Type 1 diabetes, once known as juvenile diabetes, can have many symptoms: frequent urination, extreme thirst, fatigue, calf cramps, itching, weight loss and a decline in school performance.
“If two or more of these symptoms are present simultaneously, parents should immediately take their child to a doctor,” warned Ulrich Fegeler, a Berlin paediatrician and spokesman for Germany’s Professional Association of Children’s and Young People’s Physicians.
Early treatment, he said, could prevent long-term damage as well as potentially fatal diabetic ketoacidosis, a build-up in the blood of acids called ketones.

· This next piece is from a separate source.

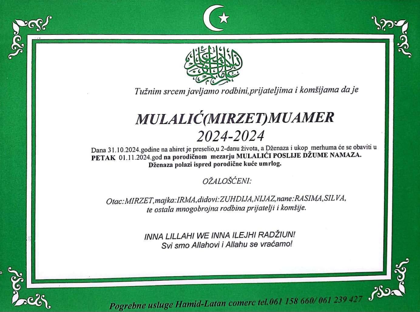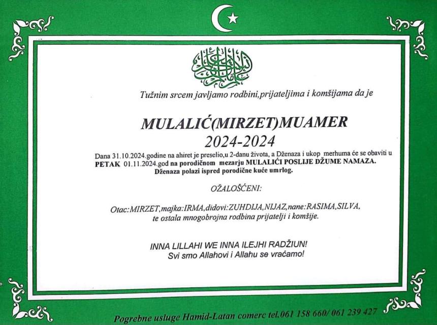 Tužnim srcem javljamo rodbini, prijateljima i komšijama da je naš dragi Mulalić (Mirzet) Muamer preselio na Ahiret dana 31.10.2024. godine u drugom danu života.

In type 1 diabetes, as Fegeler explained, a malfunction of the body’s immune system leads to inflammation of the pancreas and irreparable destruction of the pancreatic cells that produce insulin, a hormone needed to convert sugar (glucose) and other carbohydrates into energy.
It is not fully clear what causes the metabolic disorder, he said, nor why type 1 diabetes is increasing dramatically in Europe.
“What is known, however, is that children who have a parent or sibling with type 1 diabetes are at greater risk of developing the condition themselves,” he noted. To help diagnose the disease, a urine sample can be tested for ketones and glucose, or blood sugar can be measured in a drop of blood obtained by pricking a finger.
There is also what is known as the HbA1c test, which measures glycosulated haemoglobin in the blood and thus the average blood- sugar level for the past two to three months, Fegeler said. And the oral glucose tolerance test measures the body’s ability to metabolize glucose.